Task prompt:
What is needed is an exact copy of every entry below, with the pictures left out.

The data:
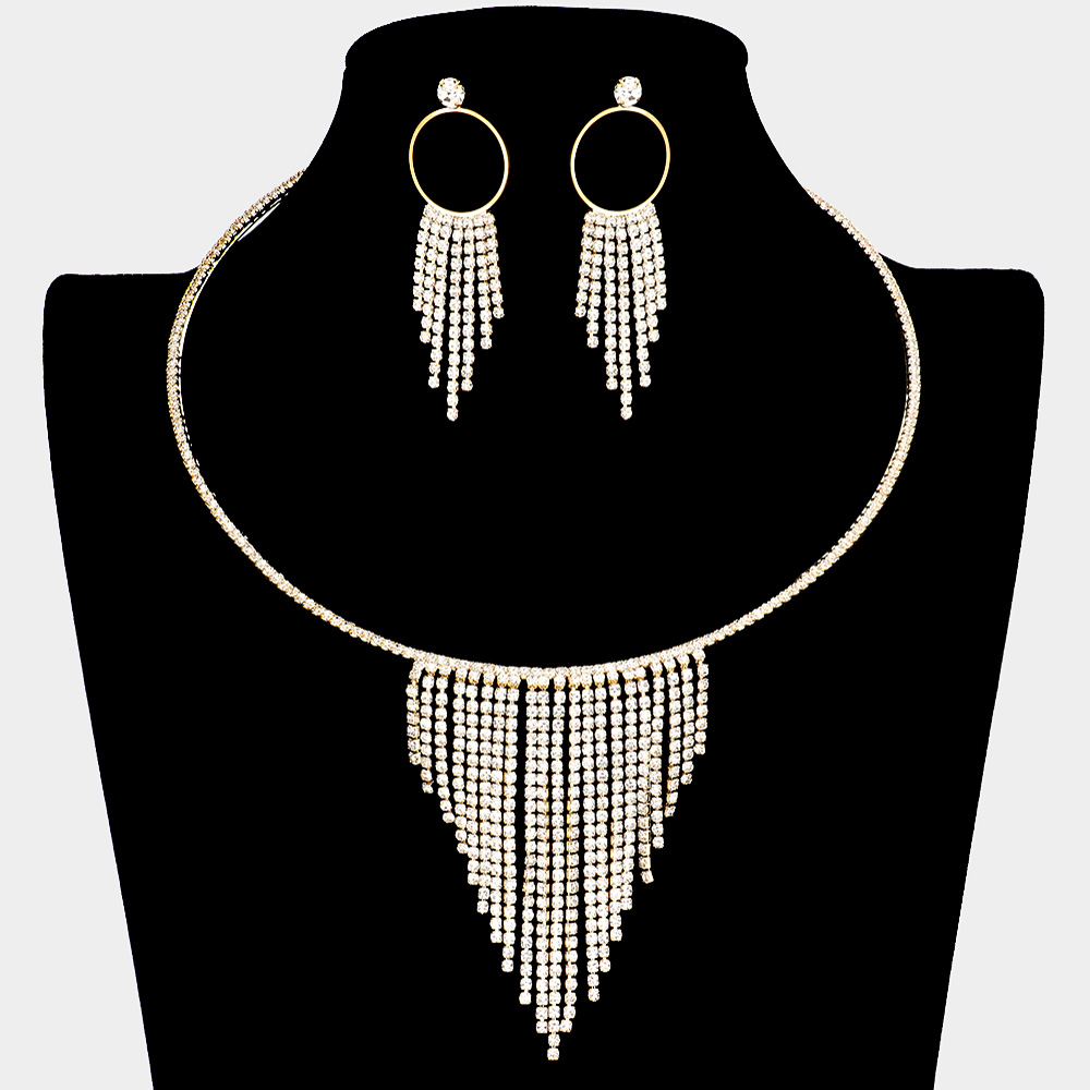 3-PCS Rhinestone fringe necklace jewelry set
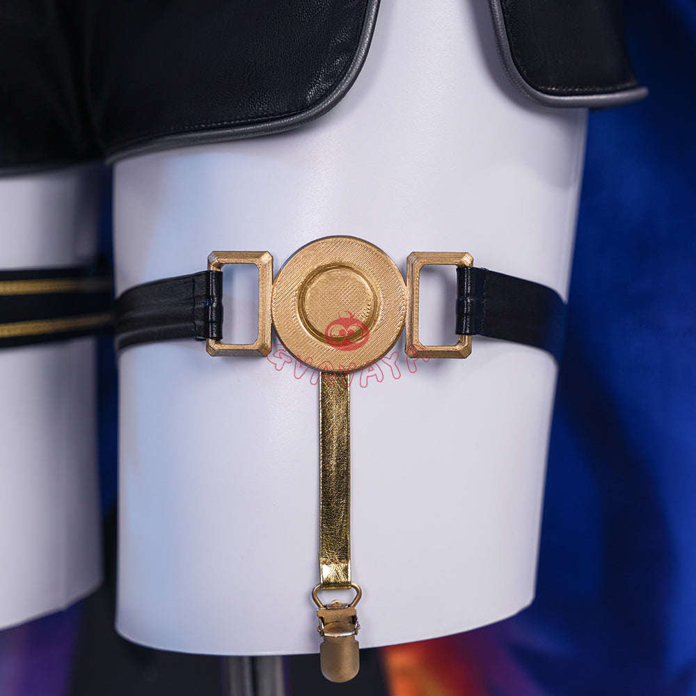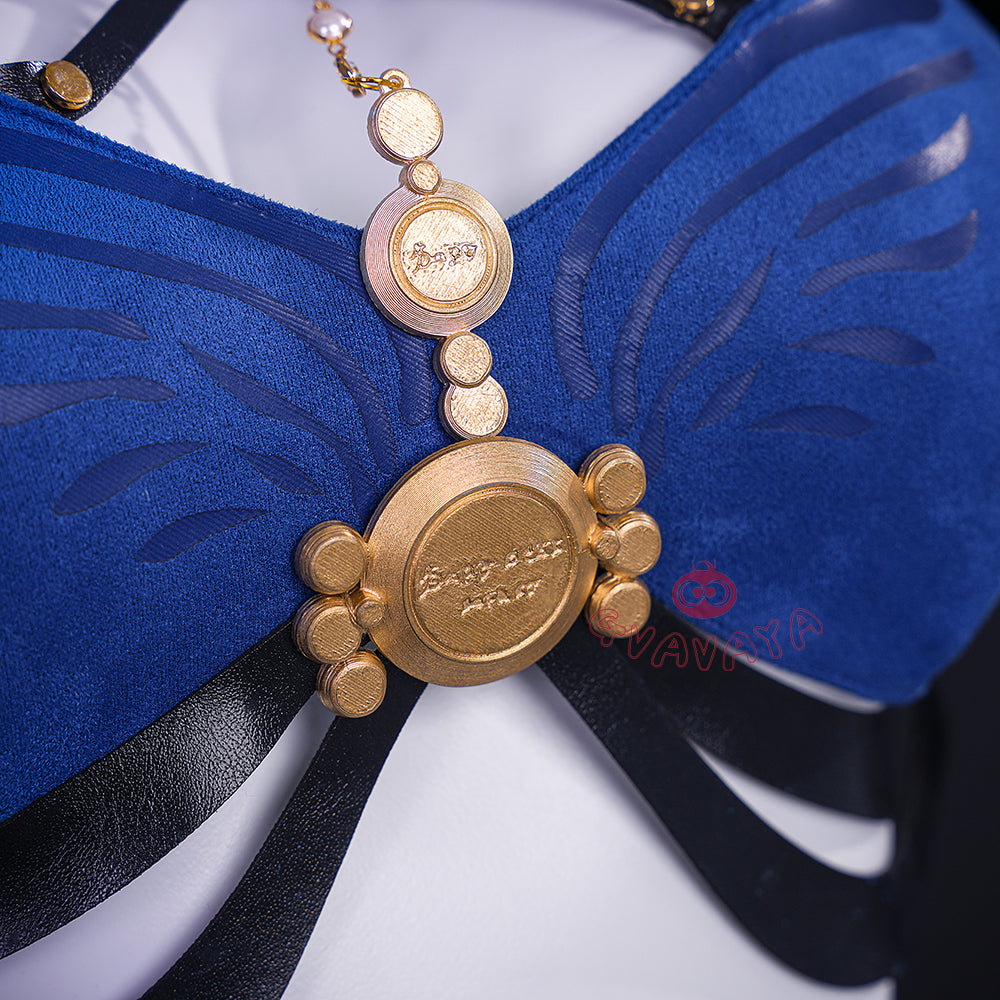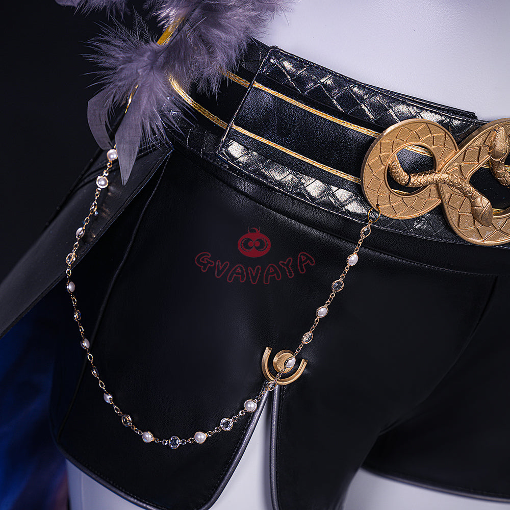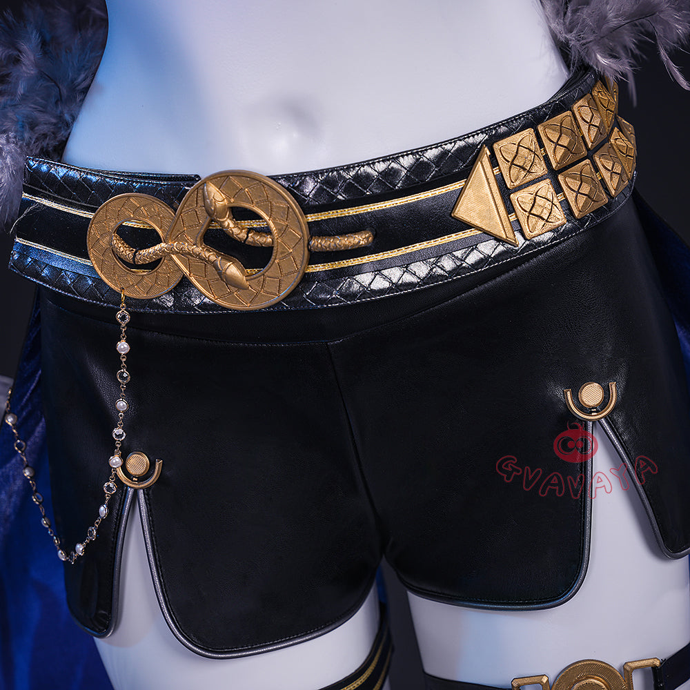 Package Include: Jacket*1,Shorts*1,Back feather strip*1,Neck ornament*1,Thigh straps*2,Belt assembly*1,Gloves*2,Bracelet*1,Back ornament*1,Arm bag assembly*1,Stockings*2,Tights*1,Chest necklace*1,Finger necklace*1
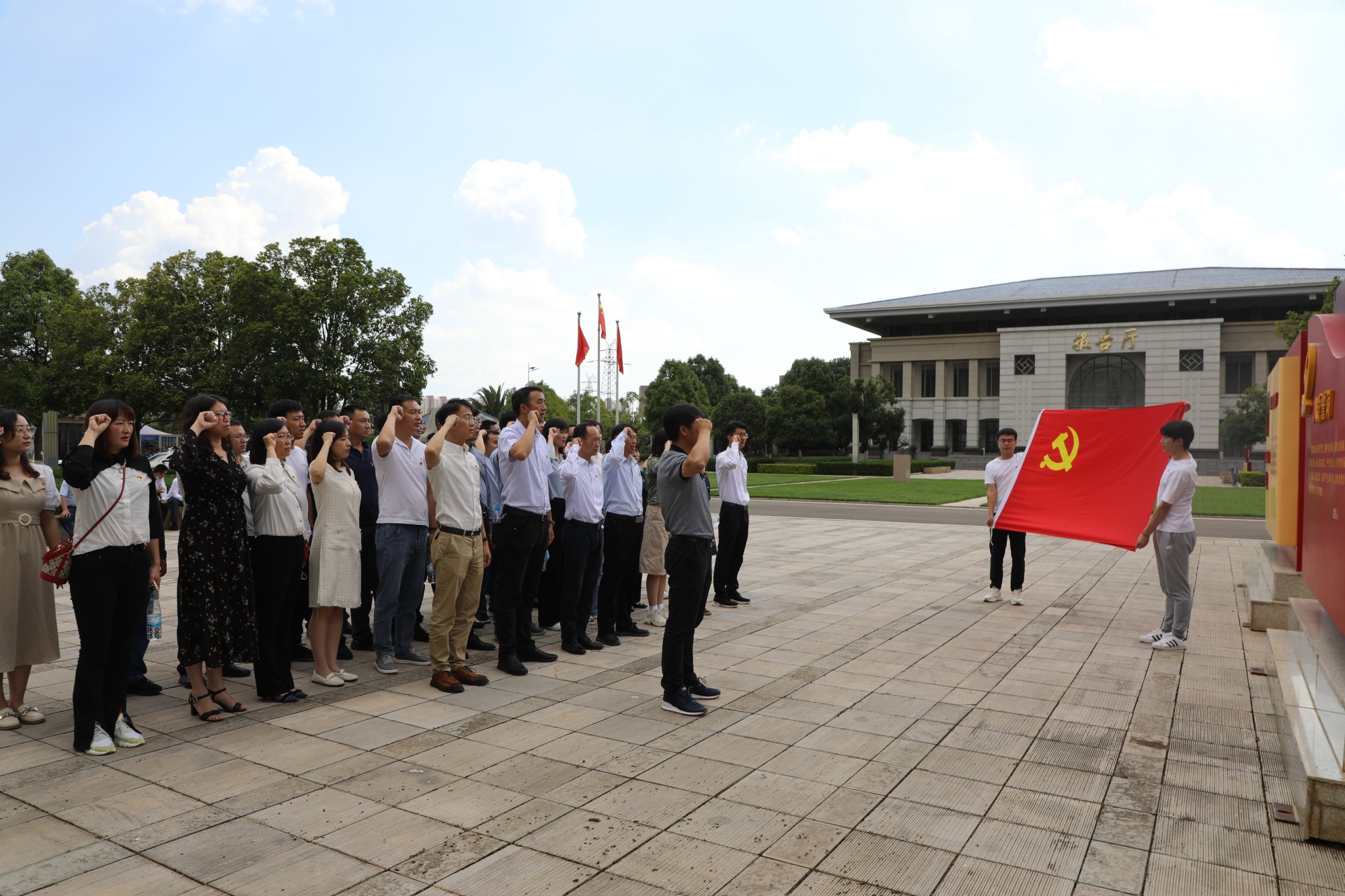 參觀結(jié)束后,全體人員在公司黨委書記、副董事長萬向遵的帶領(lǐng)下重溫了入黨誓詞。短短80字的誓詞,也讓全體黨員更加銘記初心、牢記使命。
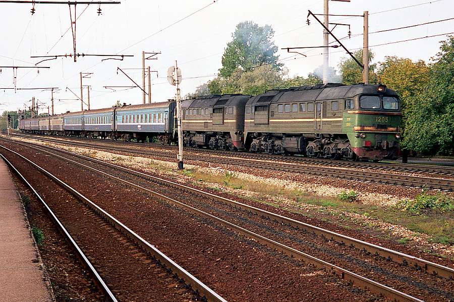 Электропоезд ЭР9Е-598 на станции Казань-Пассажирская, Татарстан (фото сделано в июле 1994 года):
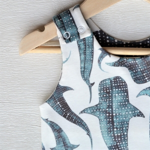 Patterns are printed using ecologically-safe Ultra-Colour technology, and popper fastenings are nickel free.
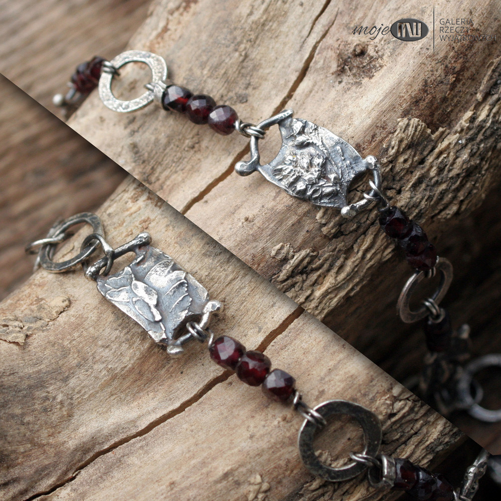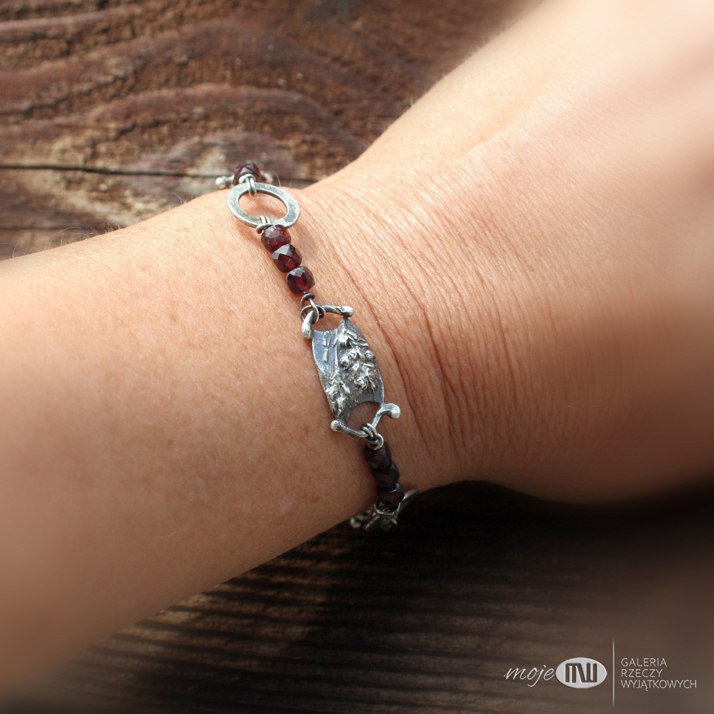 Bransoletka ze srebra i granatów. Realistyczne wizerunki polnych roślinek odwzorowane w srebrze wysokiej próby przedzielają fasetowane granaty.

Answer:
 3-PCS Rhinestone fringe necklace jewelry set
 Package Include: Jacket*1,Shorts*1,Back feather strip*1,Neck ornament*1,Thigh straps*2,Belt assembly*1,Gloves*2,Bracelet*1,Back ornament*1,Arm bag assembly*1,Stockings*2,Tights*1,Chest necklace*1,Finger necklace*1
 參觀結(jié)束后,全體人員在公司黨委書記、副董事長萬向遵的帶領(lǐng)下重溫了入黨誓詞。短短80字的誓詞,也讓全體黨員更加銘記初心、牢記使命。
 Электропоезд ЭР9Е-598 на станции Казань-Пассажирская, Татарстан (фото сделано в июле 1994 года):
 Patterns are printed using ecologically-safe Ultra-Colour technology, and popper fastenings are nickel free.
 Bransoletka ze srebra i granatów. Realistyczne wizerunki polnych roślinek odwzorowane w srebrze wysokiej próby przedzielają fasetowane granaty.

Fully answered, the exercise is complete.